Also as a horrible mother, I am going to brag to my child (or children, I haven't decided yet) all the time about my accomplishments in my youth and how I had boys (or one boy) begging at my feet (he did that one time, the 56th attempt, I think). It does things to the ego, you know. Maybe I'll try and turn it into some comforting story- when my daughter comes home crying because some idiot boy doesn't like her, I'll tell her that I had a boy on his knees for me despite other boys not noticing me some of, well, a lot of the time, and so she will too.
Also, my daughter (probably daughter) is going to beat the child of Potter in everything. I can't wait to see his face when he realizes what he missed out on by being an immature idiot.
Not that I ever would've said yes anyways, of course. Or that he was ever serious about it. I think. But he continues to ask me out in such ridiculous ways! Do you want to know what he did today?
Wait, wait, why am I asking that, this is literally a letter to no one that I'll burn with the first one at some point (when they stop being so fun to reread, that is).
Anyways, today he asked me out again, for the -188- -189- 190th time. Want to know how?
No, you're an inanimate sheet of parchment, you're literally not capable of wanting anything, but I'll go ahead and tell the story.

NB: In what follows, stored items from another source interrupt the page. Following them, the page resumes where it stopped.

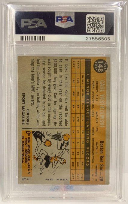 https://twitter.com/RealJerryColvin/...86598682624001 1) Guy buys 1960 Carl Yastrzemski #148 PSA 7 cert# 27556505 in a lot and it PASSES eBay Authentication. https://ebay.com/itm/115623100234?ha...p2047675.l2557 2. Guy sells the 1960 Carl Yastrzemski #148 PSA 7 cert# 27556505 https://ebay.com/itm/185710044191?ha...p2047675.l2557 3)It FAILS eBay Authentication and then is DEACTIVATED on 1/14/2023 in the PSA database. 4) He contacts eBay to find out what happened. Ebay tells him to get answers from PSA. 5) He contacts PSA and they tell him eBay won't allow them to comment. |
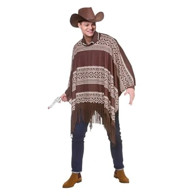 Ride on through the Wild West when you wear our Mens Cowboy Poncho complete with cowboy hat This cowboy costume includes the brown poncho and a texas style cowboy hat Our mens western fancy dress comes one size, to fit most adults Our cowboy fancy dress is a great choice for themed parties, cosplay and Halloween, Manufacturer: My Illusions
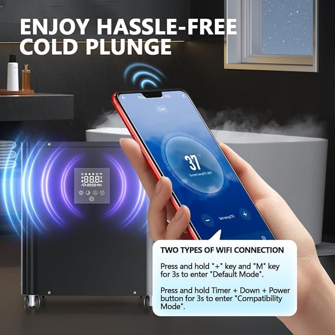 • Enjoy Hassle Free WIFI Remote Control: adjust the desired water temperature freely on your cell phone, and control the device's switch-on time in advance while taking the ice bath.
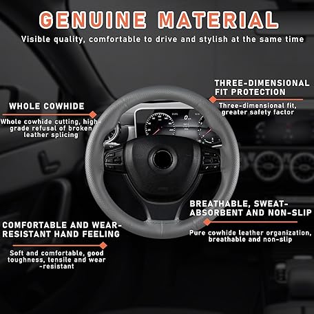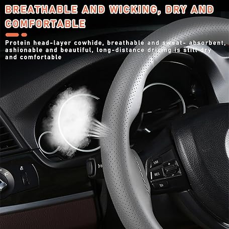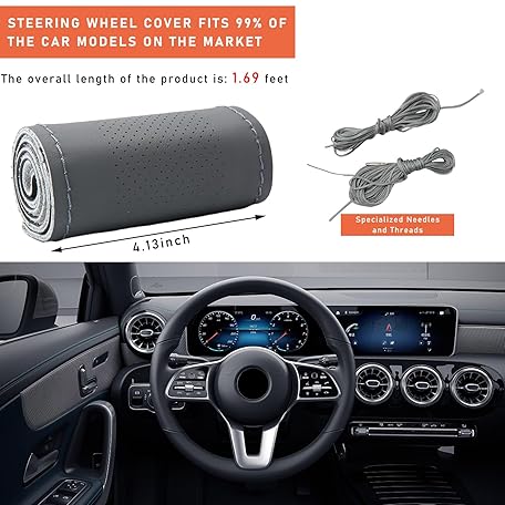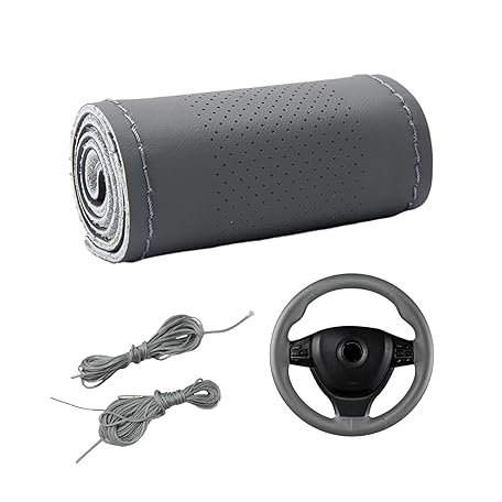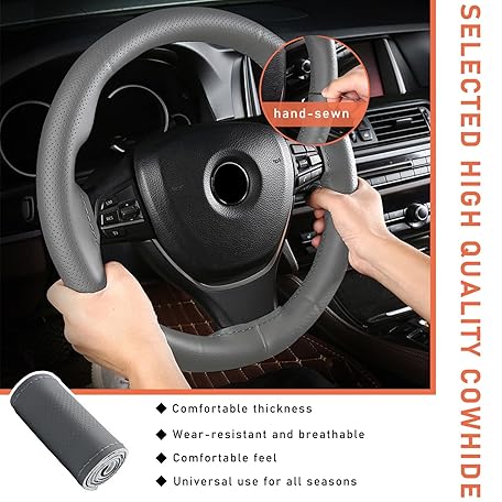 Dickno Car Steering Wheel Cover, Anti-Slip Stitch on Wrap Steering Wheel Protector for Max Diameter 15 Inch, DIY Sewing with Needle Thread, Universal Auto Accessories (Gray, Middle Hole)
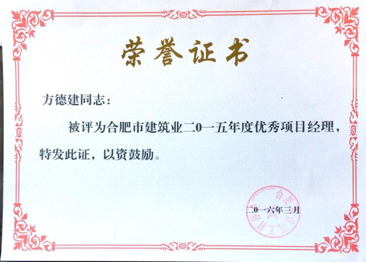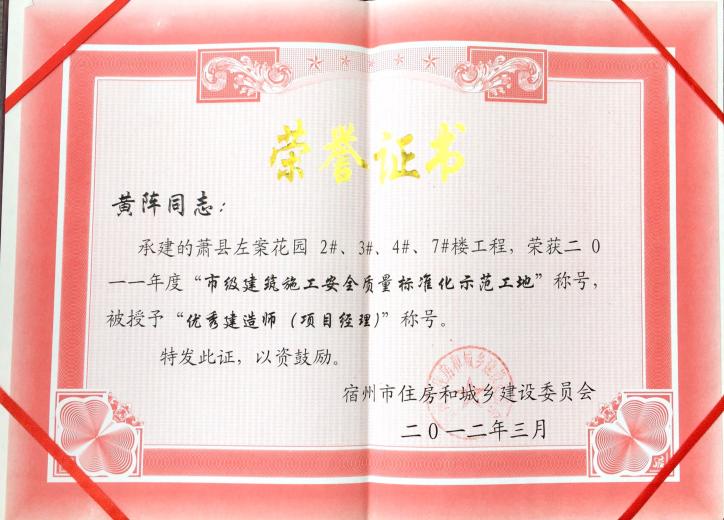 萧县左岸花园4#楼工程被授予优秀建造师(项目经理)--黄阵
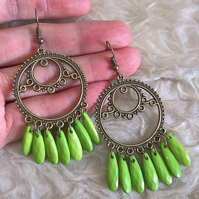 Title (ebay affiliate link): Vintage Womens Bohemian Antique-Tone GREEN Beads Dangle Fall Drop Hook Earrings
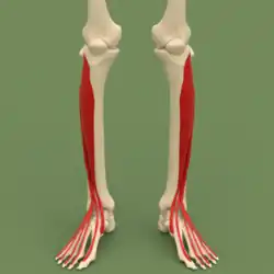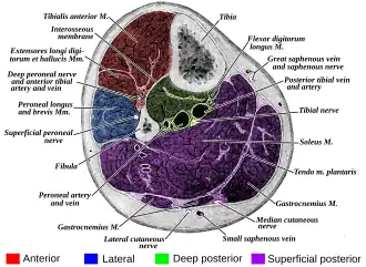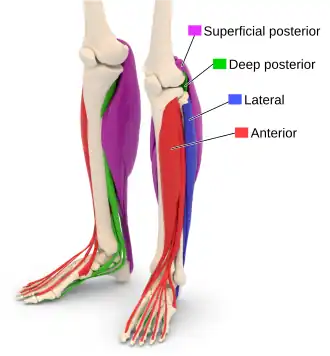 ![]() Muscles of the lower leg. Four compartments painted in different colors. | |
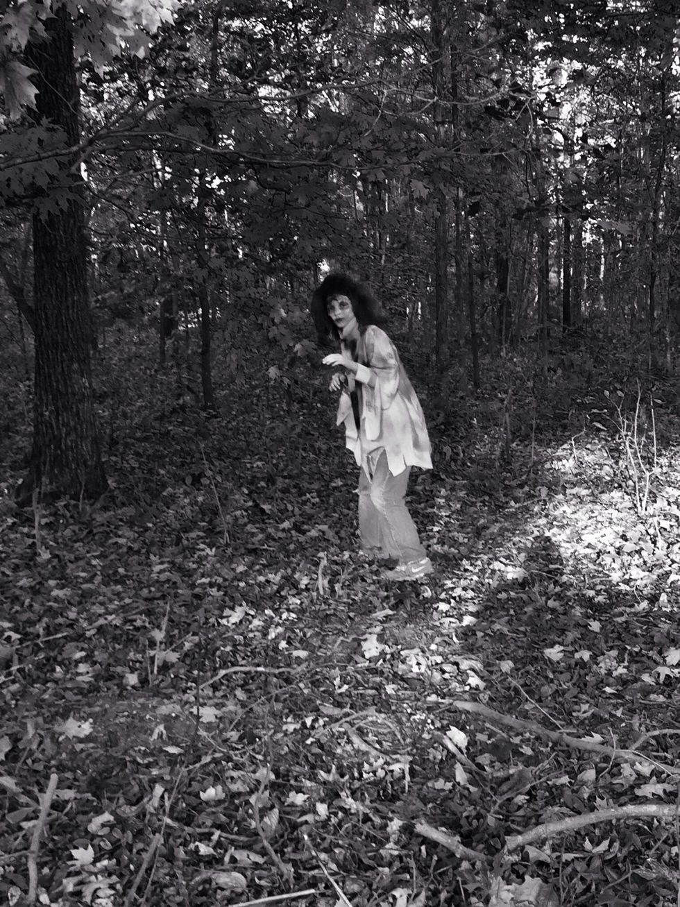 Zombie blood and black lips. Yep, creepy enough. Dear Daughter is transformed!
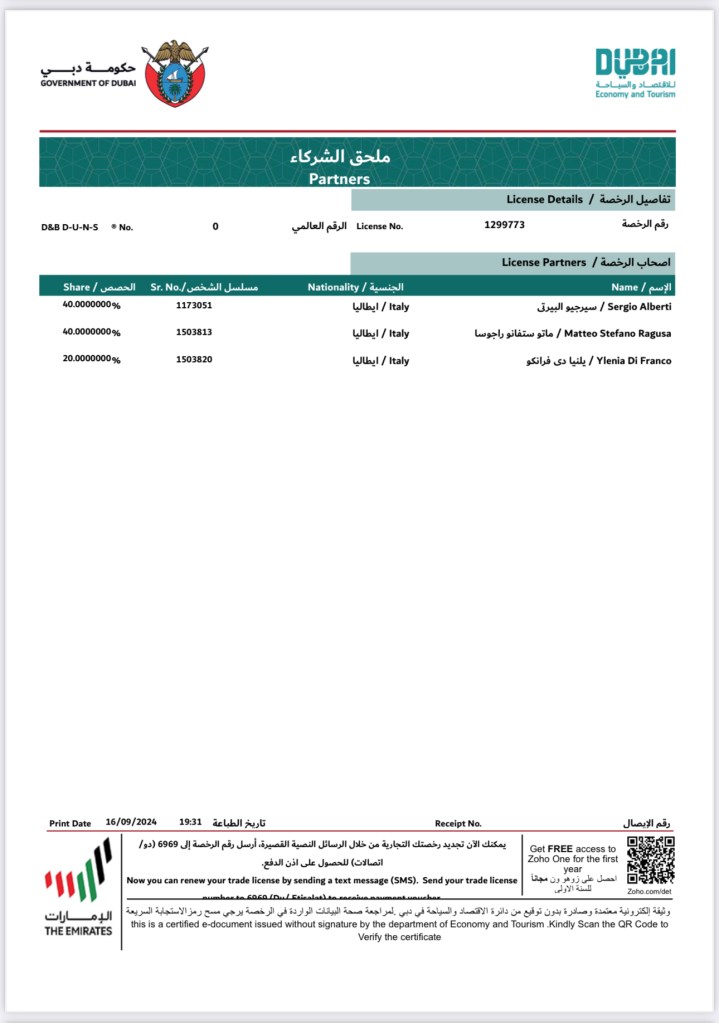 Il documento fornito parla chiaro: Matteo Stefano Ragusa possiede una semplice carta di identità da residente, ottenuta come partner di un’azienda locale. Ora, tutti sappiamo che il Golden Visa è una sorta di biglietto da visita per gli imprenditori di successo negli Emirati. Ma, evidentemente, Matteo ha deciso di seguire un’altra strada, forse per coerenza con il suo stile di gestione aziendale: molto fumo e pochissimo arrosto.
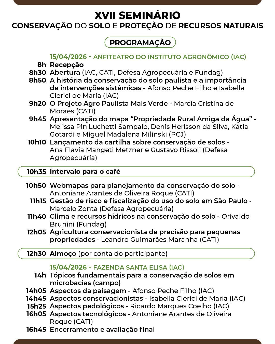 “Esperamos que o seminário traga um conjunto de entendimentos, técnicas e conhecimentos aplicáveis a manejos conservacionistas no meio rural, visando a redução da erosão e a garantia de um agro que preserve o elemento base de sua produção: o solo”, afirma o engenheiro agrícola da CATI e coordenador pedagógico desta capacitação, Antoniane Arantes de Oliveira Roque.
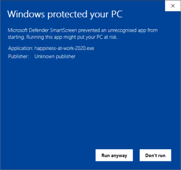 6. Open "More info" (or similar wording) and after that click on "Run anyway".
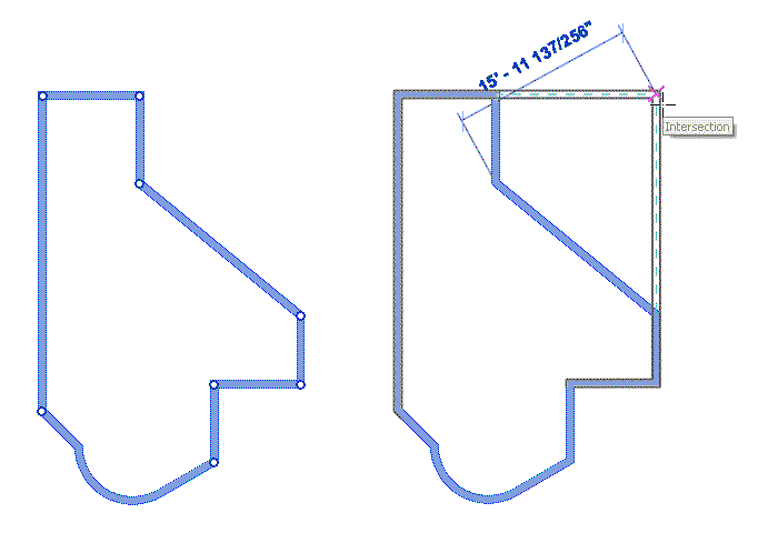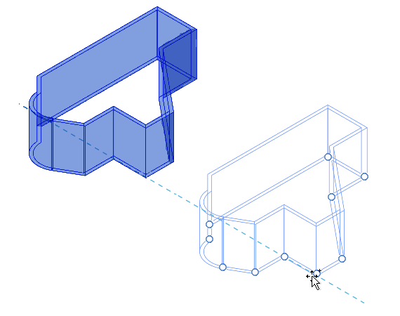 Po výběru řetězce stěn nebo čar můžete pomocí ovládacích prvků pro přetažení zobrazených ve shodných koncových bodech provést některé z následujících úprav, aniž by bylo nutné odpojit prvky řetězce:
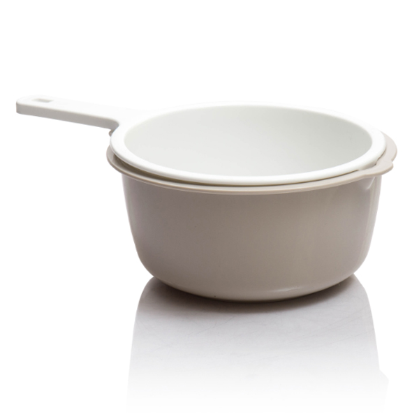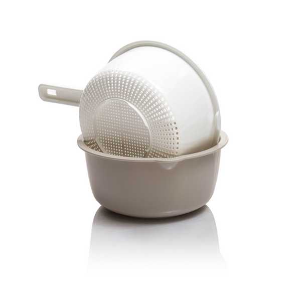 Это инновационное изделие, состоящее из двух частей, большого и малого дуршлага, выполненных в различных цветах. Оба дуршлага имеют безопасную эргономичную ручку, которая удобно помещается в руке благодаря своей форме.
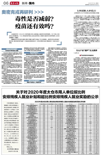 关于对2020年度太仓市用人单位按比例 安排残疾人就业补贴和超比例安排残疾人就业奖励的公示
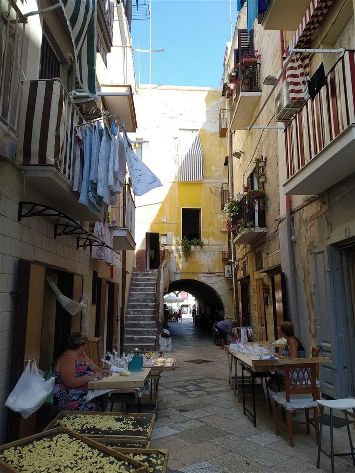 clickatlife / Βαρδαλαχάκη ΙωάνναΑυτό που την κάνει να ξεχωρίζει είναι η συνοικία Bari Vecchia, ένα σύμπλεγμα από εξαιρετικά στενά δρομάκια με χαμηλά σπίτια που σου δίνουν την εντύπωση ότι το ένα είναι πάνω στο άλλο και ότι από την πόλη μεταφέρθηκες μαγικά στο χωριό και στην αθωότητα μιας εποχής που αν και έχει περάσει τη θυμόμαστε ακόμα. Στα εντελώς καλοφτιαγμένα στενάκια θα βρεις ανοιχτές πόρτες, παιδάκια να παίζουν, μπουγάδες ,οικογένειες να μαγειρεύουν, και άλλες μπουγάδες, (κακόγουστες) παναγίες, λουλούδια και το σήμα κατατεθέν της πόλης, τις γιαγιάδες στο δρόμο Arco Alto να φτιάχνουν τα ζυμαρικά της περιοχής (orecchiette).
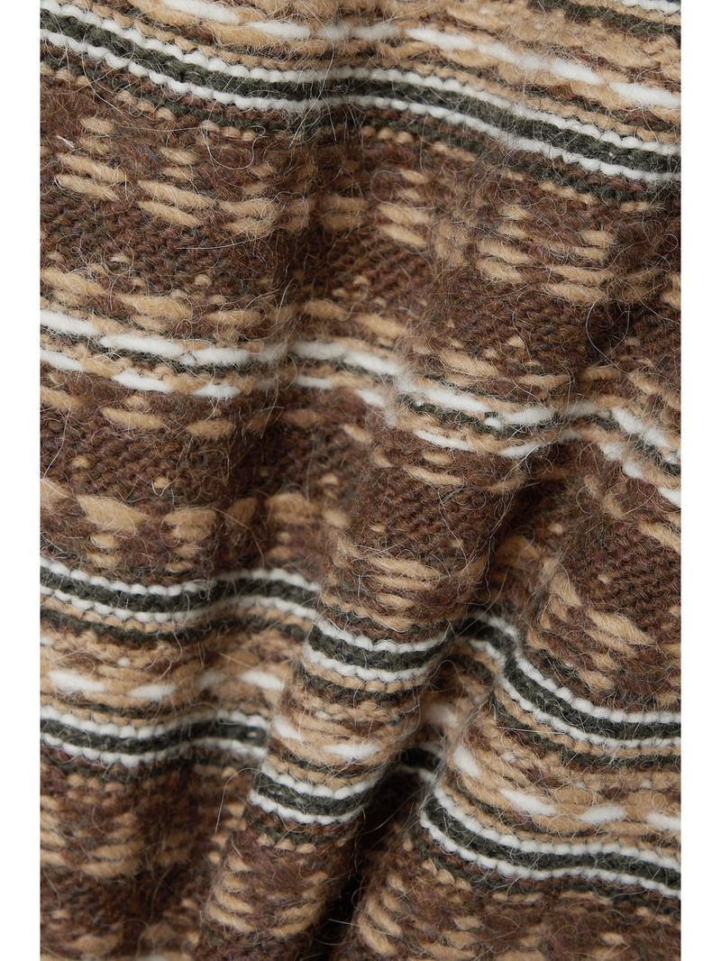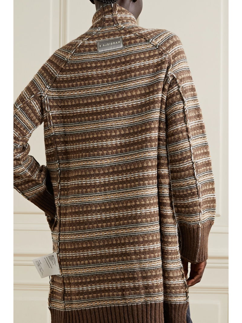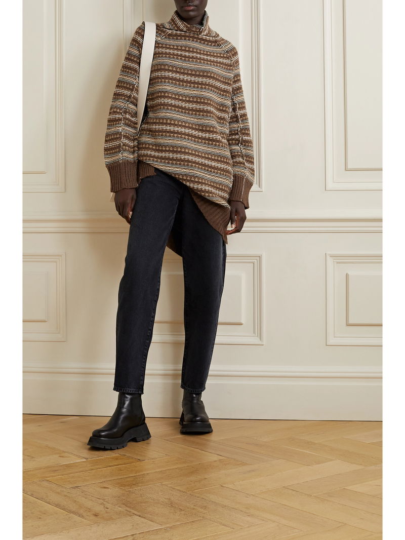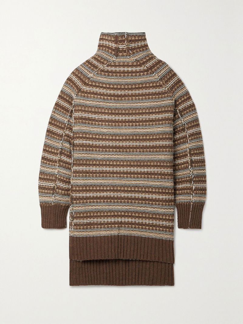 MM6 Maison Margiela's turtleneck sweater is jacquard-knitted with touches of insulating alpaca and wool in striped neutral tones that are perfect for fall. It has an oversized fit and exposed seams to give it a cool inside-out look.

Today, Emma, Alice, and I were walking to lunch, just normally, carrying our books and having conversations and all. As we began to descend the stairs into the Great Hall, we noticed that there appeared to be a loud gathering there and we could hear the two hyenas speaking loudly to all of them. This wasn't unusual, those two jesters are always pulling their monkey tricks, except that when we reached halfway down the stairs, Potter that absolute git looked up and shouted loudly for everyone to make room.
Nobody left, of course, although they did clear a space in the center of the room and a nice little path for us three to get through. Hogwarts is full of busybodies.
I turned to leave, because I knew what was coming, but Alice and Emma stopped me. They're amused by the whole Potter thing, for some reason. Emma asked, "Don't you want to see what he does?"
"Not particularly." I muttered.
"Lily Evans!" shouted Potter, clearly enjoying the crowd he had. "Lily Evans, too long have I pined after you in utter secrecy-"
"Secrecy?" I sputtered. There were a few titters. See, Potter, you're not the only one who knows about showmanship.
"Yes, well, semisecrecy." Potter said. His tone of voice was more appropriate for Greek theatre than a boarding school. "For though I have dogged your steps as you travelled these halls, hoping for but a glimpse of your beautiful green eyes and that radiant splash of sunshine you call a smile-"
"Okay, I know Lupin couldn't have helped you write that, because even he's not that bad." I said. "Did you seriously write that?" More laughter.
Potter was starting to look a little uncomfortable with the way things were going. "Well- still- there is still one group of Hogwarts residents left, who know not of my undying love for you, miss Lily Evans! And that is-"
And at that point, I don't know if anyone will believe me on this, but over a dozen house elves appeared in the space in the middle of the room. I rolled my eyes. What was that lunatic doing now?
"Lily, let's go!" Alice said, pushing me. We descended the stairs and crossed to where the elves were standing.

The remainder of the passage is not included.